Vancouver-based artist Gabrielle L’Hirondelle Hill works across various disciplines to reflect on knowledges and economies that provide alternatives to dominant modes of thinking. Interested in how value is ascertained, Hill examines systems of exchange, circulation, and ownership that shape the way we arrive at determining meaning. Synthesizing an affective approach to materials that considers their social histories, Hill’s works build new structures grounded in ideas of kinship and plenitude.

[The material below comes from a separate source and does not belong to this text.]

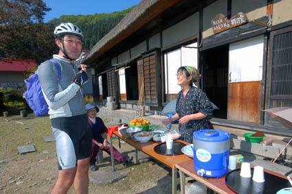 古寺の境内を通ったり、村内の集落を回り多くの観客の応援と、村民のみなさんが軒先で「プライベートフィードゾーンのおもてなし」が行われます。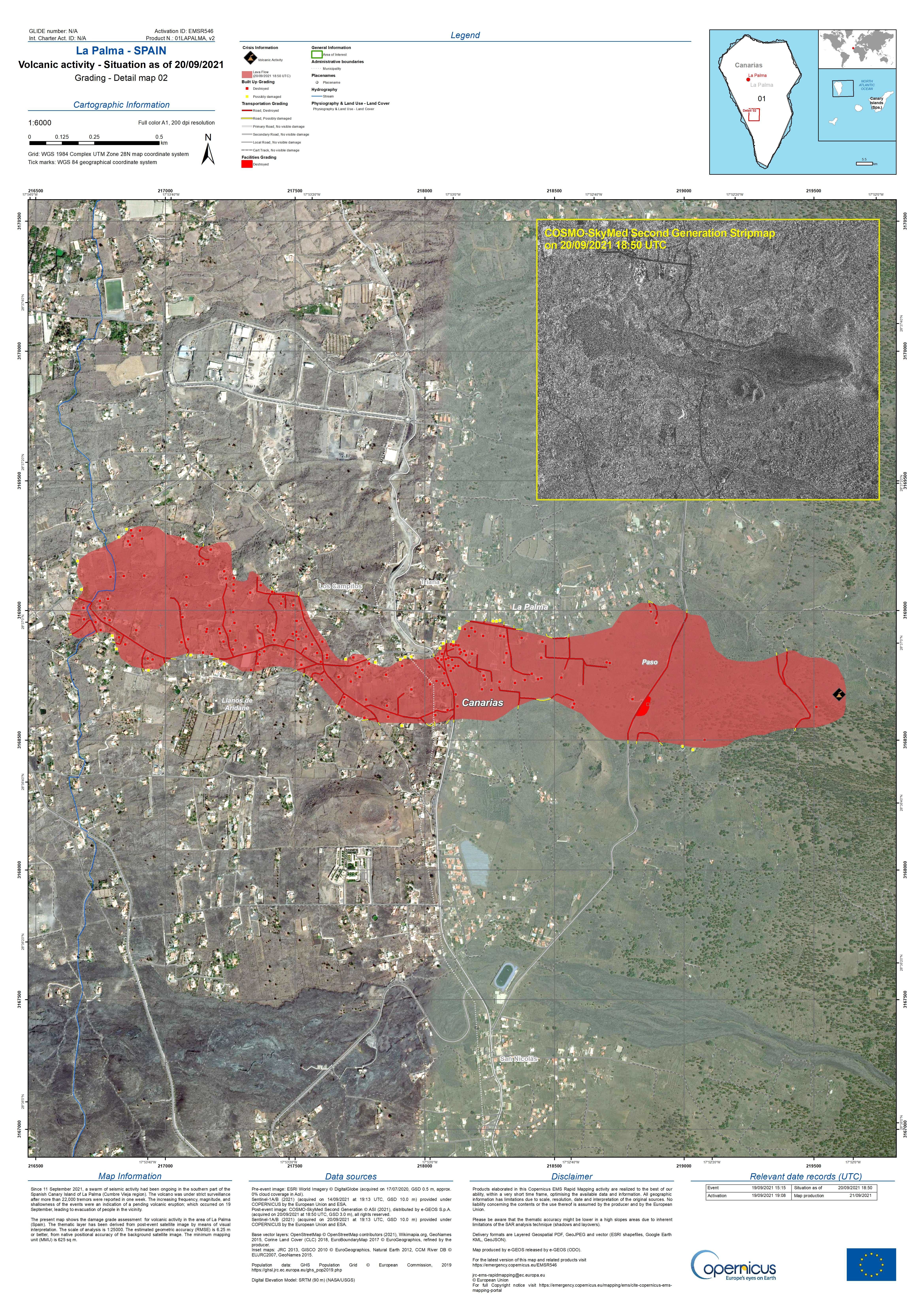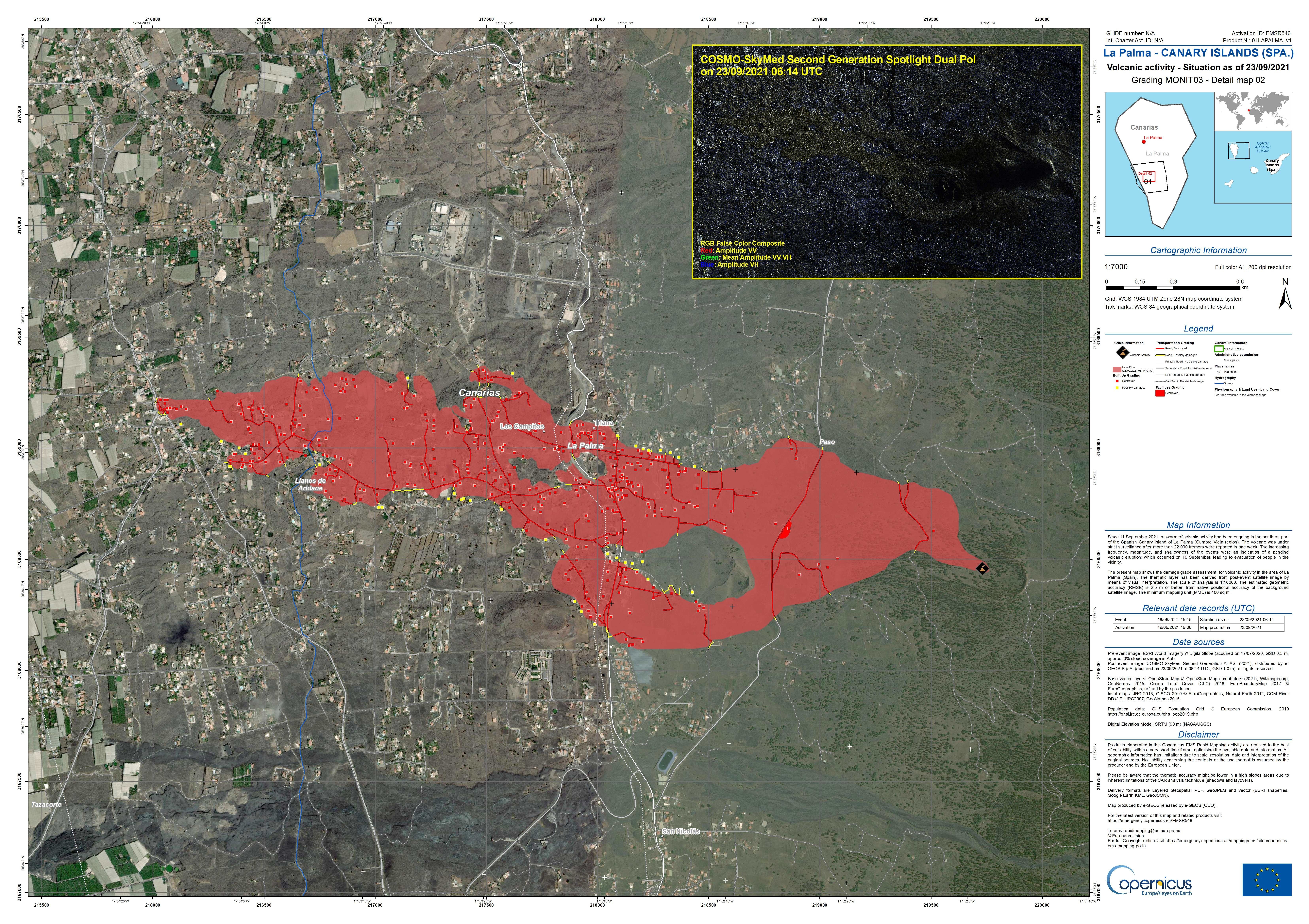dort herunterscrollen bis "Rapid Mapping", anklicken, und man landet auf einer Übersicht, in de man dann aus mehreren Ereignissen (u.a. Waldbrände in Spanien etc) auf einer Karten den Vulkanauspruch auf La Palma anklicken kann. Oder direkt

At Mercer Union, the artist’s exhibition takes up the ideology, experience, and practice of motherhood through its manifold signifiers. Hill uses found materials including blackberries, hair, silk tissue and photocopied magazines, to construct an aesthetic in which memory and place are centred. M***** draws resonances between 16mm film stock and collage to consider the particular ability of each to embalm and encapsulate a cyclical experience of time. A series of sculptures made of disassembled umbrella frames reference ideas and sensations related to conception: images of spores, parasites, and body orifices are suspended from the armatures, contributing toward a visceral understanding of reproduction. New drawings on silk tissue are soaked in blackberry ink, the seams lightly sutured with film tape. Elsewhere in the gallery, this pictorial surface reoccurs as a set of projections within a looping, cameraless film installation.
Across the exhibition, Hill brings together a body of work that speaks to motherhood as both a corporeal and disembodied experience, with the capacity to transcend linear time through the bonds it forms. Of particular interest are the social readings surrounding procreation, the silent “M” of the exhibition title pointing to the denigration that is oft attributed to feminine labour and parenthood. Between the tethers of the inconsequential and the insurmountable, Hill’s revaluation of motherhood locates within it a network of care, one that can bear, endure, and reshape its own incommensurability.